Гостья, не зная, что сказать, покачала головой.
– Совсем не из дружбы, – отвечал Николай, вспыхнув и отговариваясь как будто от постыдного на него наклепа. – Совсем не дружба, а просто чувствую призвание к военной службе.
Он оглянулся на кузину и на гостью барышню: обе смотрели на него с улыбкой одобрения.
– Нынче обедает у нас Шуберт, полковник Павлоградского гусарского полка. Он был в отпуску здесь и берет его с собой. Что делать? – сказал граф, пожимая плечами и говоря шуточно о деле, которое, видимо, стоило ему много горя.
– Я уж вам говорил, папенька, – сказал сын, – что ежели вам не хочется меня отпустить, я останусь. Но я знаю, что я никуда не гожусь, кроме как в военную службу; я не дипломат, не чиновник, не умею скрывать того, что чувствую, – говорил он, всё поглядывая с кокетством красивой молодости на Соню и гостью барышню.
Кошечка, впиваясь в него глазами, казалась каждую секунду готовою заиграть и выказать всю свою кошачью натуру.
– Ну, ну, хорошо! – сказал старый граф, – всё горячится. Всё Бонапарте всем голову вскружил; все думают, как это он из поручиков попал в императоры. Что ж, дай Бог, – прибавил он, не замечая насмешливой улыбки гостьи.
Большие заговорили о Бонапарте. Жюли, дочь Карагиной, обратилась к молодому Ростову:
– Как жаль, что вас не было в четверг у Архаровых. Мне скучно было без вас, – сказала она, нежно улыбаясь ему.
Польщенный молодой человек с кокетливой улыбкой молодости ближе пересел к ней и вступил с улыбающейся Жюли в отдельный разговор, совсем не замечая того, что эта его невольная улыбка ножом ревности резала сердце красневшей и притворно улыбавшейся Сони. – В середине разговора он оглянулся на нее. Соня страстно озлобленно взглянула на него и, едва удерживая на глазах слезы, а на губах притворную улыбку, встала и вышла из комнаты. Всё оживление Николая исчезло. Он выждал первый перерыв разговора и с расстроенным лицом вышел из комнаты отыскивать Соню.
– Как секреты то этой всей молодежи шиты белыми нитками! – сказала Анна Михайловна, указывая на выходящего Николая. – Cousinage dangereux voisinage, [Бедовое дело – двоюродные братцы и сестрицы,] – прибавила она.

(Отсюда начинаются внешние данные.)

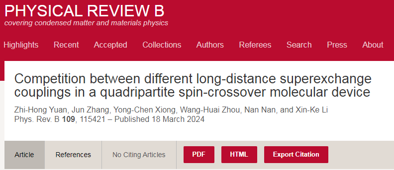 近日,凝聚态物理旗舰期刊Physical Review B(Phys. Rev. B)在线发表了公司数理与betway西汉姆联官方网站微纳结构与量子器件团队题为“Competition between different long-distance superexchange couplings in a quadripartite spin-crossover molecular device”的研究成果。论文的第一作者是数理与betway西汉姆联官方网站光学工程专业22级研究生袁志鸿。微纳结构与量子器件团队负责人熊永臣教授和周望怀副教授为论文的共同通讯作者,张俊副教授、南楠副教授、李新克博士参与了该项研究。量子信息与精密光学十堰市重点实验室、数理与betway西汉姆联官方网站为第一通讯单位。
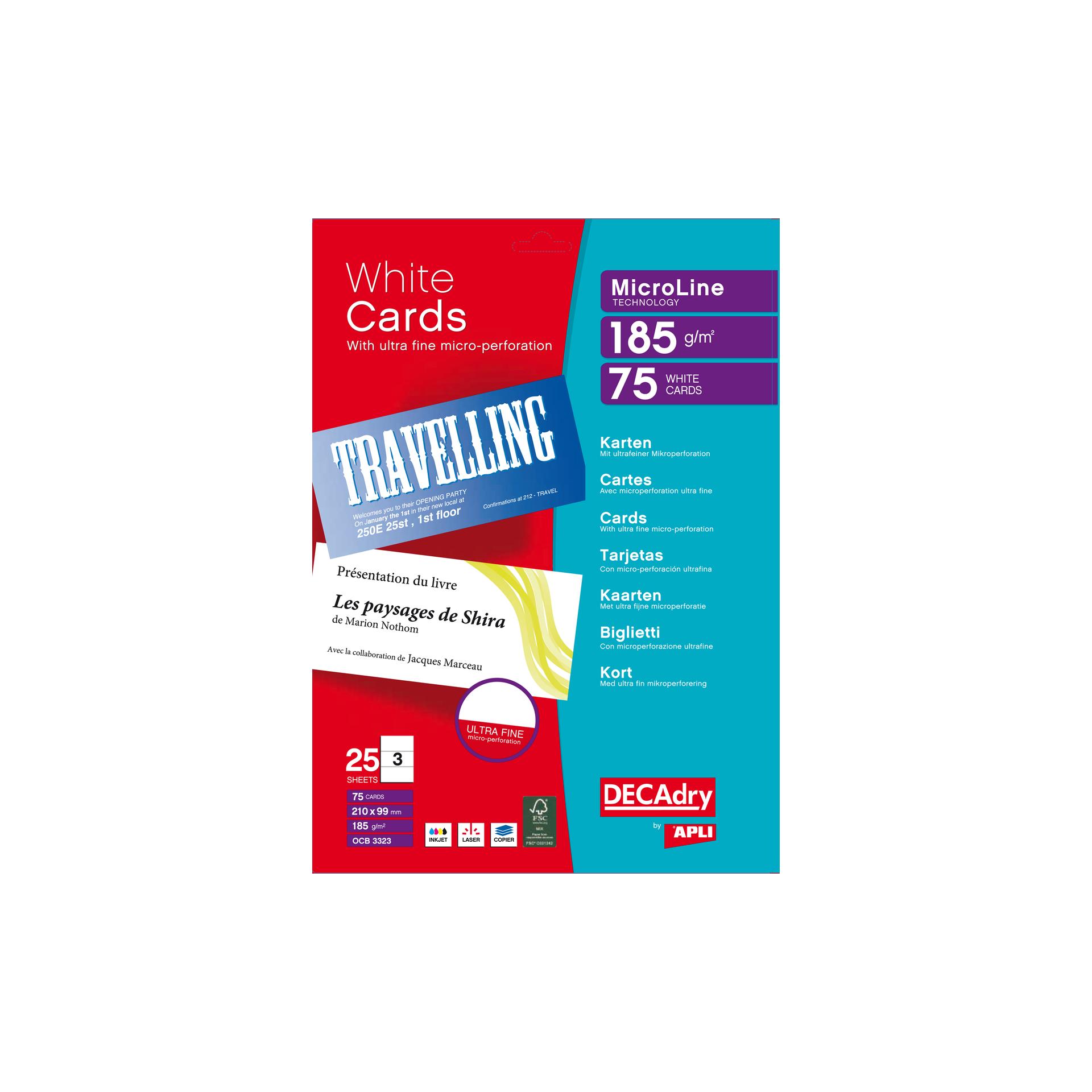 Pochette 75 cartes de visite blanches MicroLine - 185g

– Да, – сказала графиня, после того как луч солнца, проникнувший в гостиную вместе с этим молодым поколением, исчез, и как будто отвечая на вопрос, которого никто ей не делал, но который постоянно занимал ее. – Сколько страданий, сколько беспокойств перенесено за то, чтобы теперь на них радоваться! А и теперь, право, больше страха, чем радости. Всё боишься, всё боишься! Именно тот возраст, в котором так много опасностей и для девочек и для мальчиков.
– Всё от воспитания зависит, – сказала гостья.

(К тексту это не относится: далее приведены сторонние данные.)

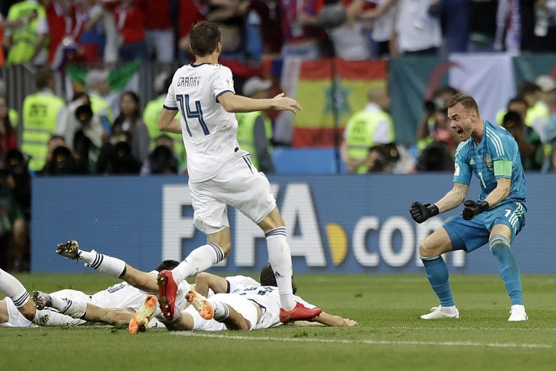 Russia endured a tense wait when Kuipers was in communication with the video assistant referee following a late tug on Pique in the box, before Akinfeev's shootout heroics clinched an unforgettable triumph.
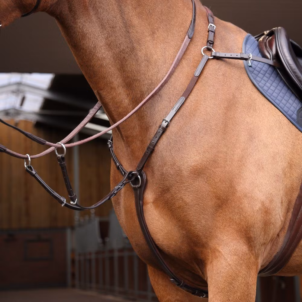 Velociti RAPIDA elastisk brösta ger stabilt stöd och hög komfort. Bred, vadderad nackdel för jämn tryckfördelning, elastiska insatser vid bogarna för följsam rörelse och stötdämpning. Helvadderad gjordrem med karbinhake samt avtagbar martingal. Justerbar passform, tillverkad i vegetabiliskt garvat läder med rostfria beslag.
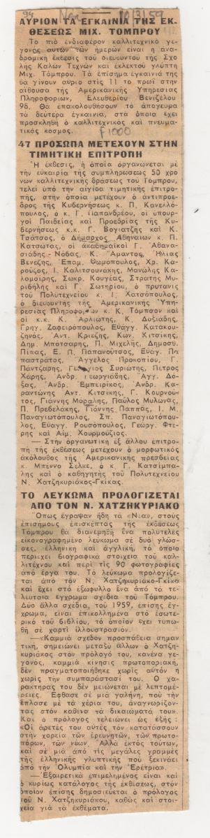 Απόκομμα της εφημερίδας “Τα Νέα” (10/03/1959) δημοσίευσης κριτικής αναδρομικής έκθεσης του Μιχάλη Τόμπρου στην Αθήνα, η οποία διοργανώνεται για τα πενήντα χρόνια καλλιτεχνικής δραστηριότητάς του. Αναγράφονται τα ονόματα των συμμετεχόντων στην τιμητική και οργανωτική επιτροπή καθώς επίσης επισημαίνεται η κυκλοφορία σχετικού λευκώματος, με πρόλογο του Ν. Χατζηκυριάκου-Γκίκα.
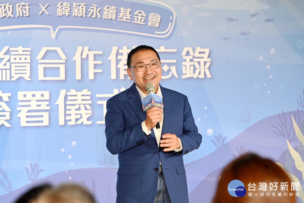 為攜手推動台灣海洋永續,新北市長侯友宜今(20)日與緯穎永續基金會簽署「海洋永續合作備忘錄」。侯友宜表示,新北市擁有145公里海岸線及28座漁港,是全國本島漁港最多的城市,此次透過產官學合作,結合政府、學界與民間力量,為東北角海岸的海洋生態盡一份心力,展現守護海洋的決心。
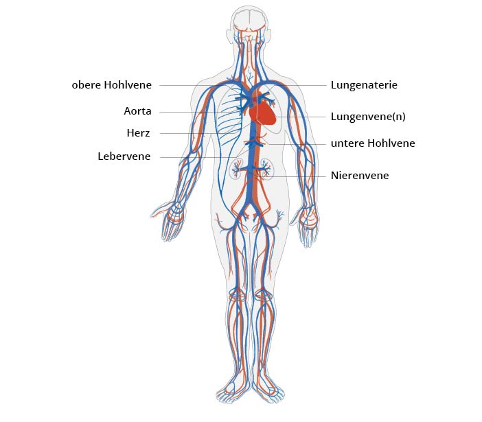 Im Zentrum des Herz-Kreislauf-Systems steht das Herz. Der Hohlmuskel pumpt Blut durch die Blutgefäße in den gesamten Organismus, um Organe und Gewebe mit Sauerstoff und Nährstoffen zu versorgen, aber auch um Abfallstoffe wie Kohlendioxid und Schadstoffe aus dem Körper abzutransportieren. Das gesamte Blut durchfließt innerhalb von 60 Sekunden einmal den Organismus. Der Blutkreislauf wird in den Lungenkreislauf und in den Körperkreislauf unterteilt. Die beiden Kreisläufe sind hintereinandergeschaltet.

– Да, ваша правда, – продолжала графиня. – До сих пор я была, слава Богу, другом своих детей и пользуюсь полным их доверием, – говорила графиня, повторяя заблуждение многих родителей, полагающих, что у детей их нет тайн от них. – Я знаю, что я всегда буду первою confidente [поверенной] моих дочерей, и что Николенька, по своему пылкому характеру, ежели будет шалить (мальчику нельзя без этого), то всё не так, как эти петербургские господа.
– Да, славные, славные ребята, – подтвердил граф, всегда разрешавший запутанные для него вопросы тем, что всё находил славным. – Вот подите, захотел в гусары! Да вот что вы хотите, ma chere!
– Какое милое существо ваша меньшая, – сказала гостья. – Порох!
– Да, порох, – сказал граф. – В меня пошла! И какой голос: хоть и моя дочь, а я правду скажу, певица будет, Саломони другая. Мы взяли итальянца ее учить.
– Не рано ли? Говорят, вредно для голоса учиться в эту пору.
– О, нет, какой рано! – сказал граф. – Как же наши матери выходили в двенадцать тринадцать лет замуж?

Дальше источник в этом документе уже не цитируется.